Top of Material shown

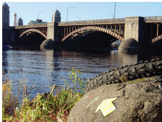
code: yw jaf5 placed by: newurban txt: Caught somewhere between Cambridge and Boston, I wonder, which way do I want to go? We are coming at it from a different angle. location: Longfellow Bridge, Boston
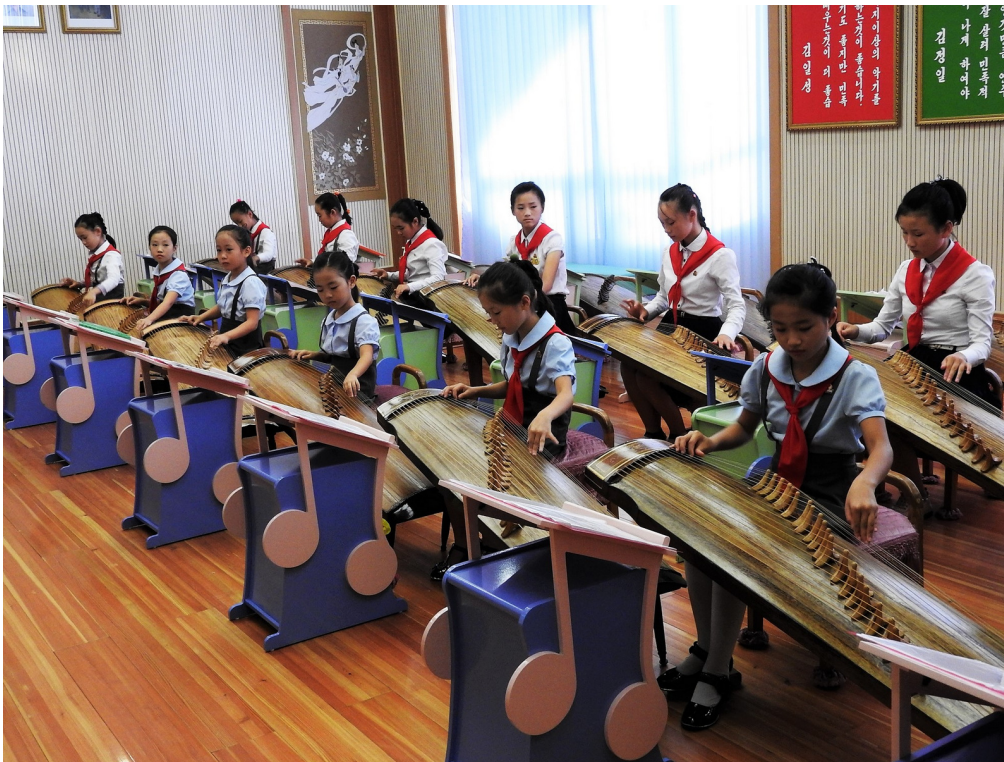
Students at the Mangyongdae Children's Palace playing the traditional Korean instrument, the kayagun. Listen to their performance here .

The Pyongyang International Football School opened in 2013. The complex includes a massive stadium and a school teaching all subjects, with football as a focus for the roughly 200 students. Different classes practiced their skills outside, doing warm-up drills to energetic music. When years ago I lived in Korea's south, practicing Tae Kwan Do I warmed-up to similar drills.
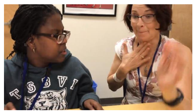
Figure 19 Screen shot of Gabby and Jay from Dogman on Playing with Words.

https://www.pathstoliteracy.org/playing-words/epic-stories/dog-man-story
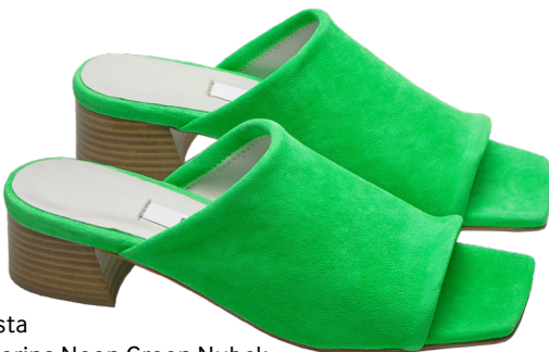
Miista Caterina Neon Green Nubck Suede Sandals £175
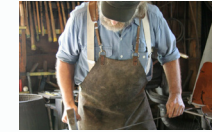
BENJAMIN BLACKSMITH SHOP 7406 B Market Street
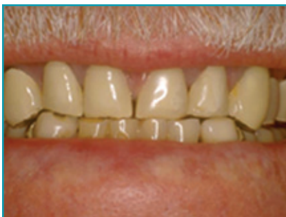
Worn teeth due to bruxism
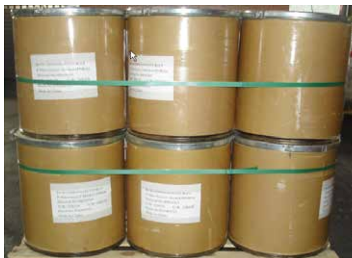
Good transportation protection
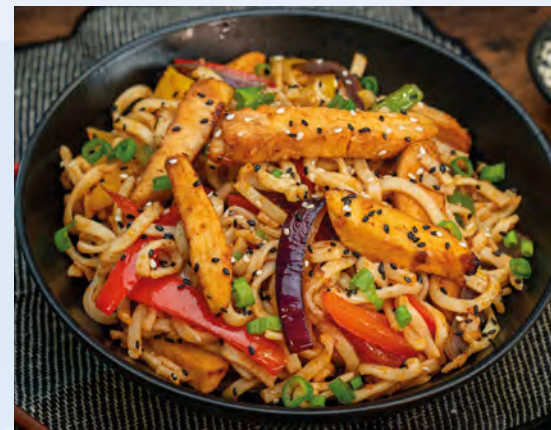
70504 Steam-Cooked Strip Chicken 12mm
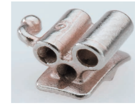
Triple Buccal Tube Roth Prescription .018
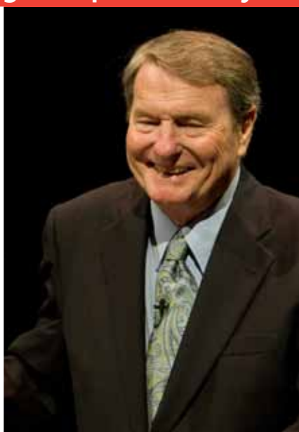
An Evening with Jim Lehrer
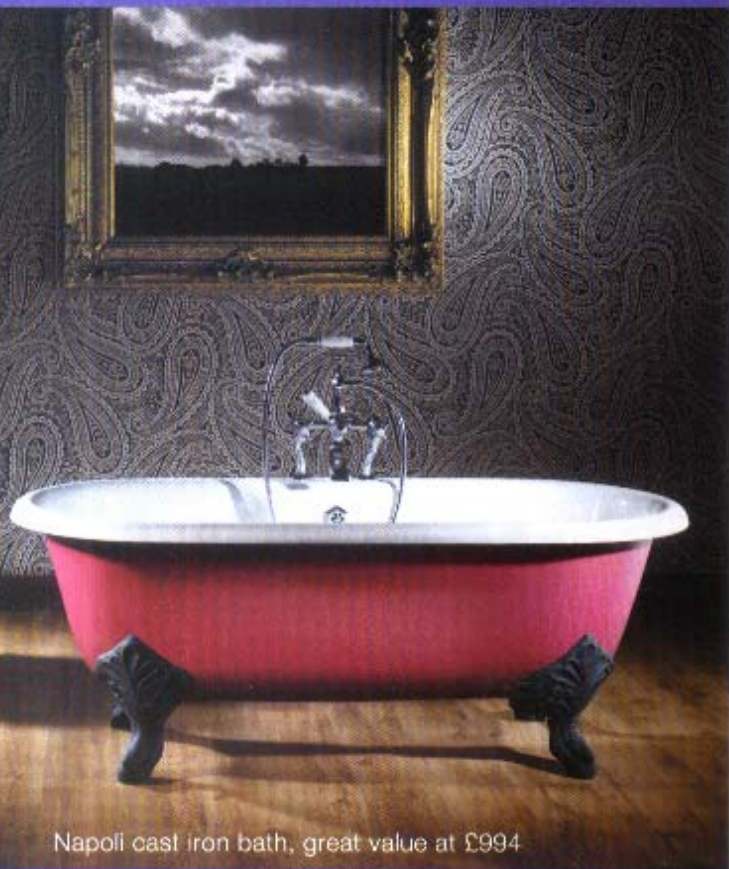
Napoli cast iron bath, great value at £994

exclusive designs extensive stocks exceptional value expertise and advice
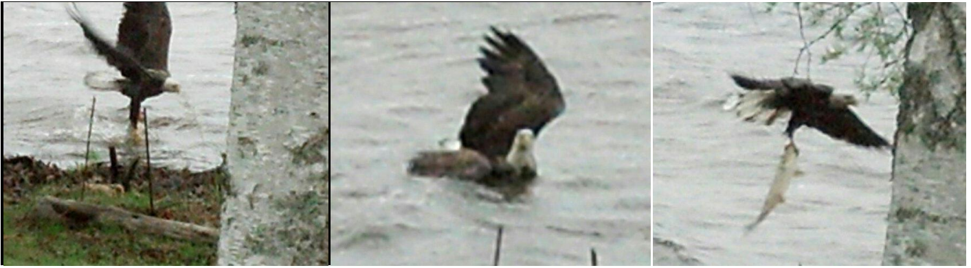
Who needs a fishing pole?
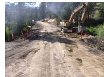
(Left) Bjork Creek Work During Construction
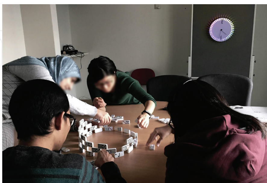
Figure 4. Experimental apparatus.

Each team was asked to finish each of the three tasks in 5 minutes. The tasks are designed in different difficulties. The first task is to collaborate with each other and make a 2D pattern that can be knocked down in one push. This refers to an easy task that associated with low-stress status. The second task is to collaborate with each other and make a 3D round tower,

Bottom of Material shown

> [What to do]
Give again, exactly as written above, each line from the one that has "(Left) Bjork Creek Work During Construction" to the one that has "Figure 4. Experimental apparatus.", both included; omit the pictures.

> [Result for this exercise]
(Left) Bjork Creek Work During Construction
Figure 4. Experimental apparatus.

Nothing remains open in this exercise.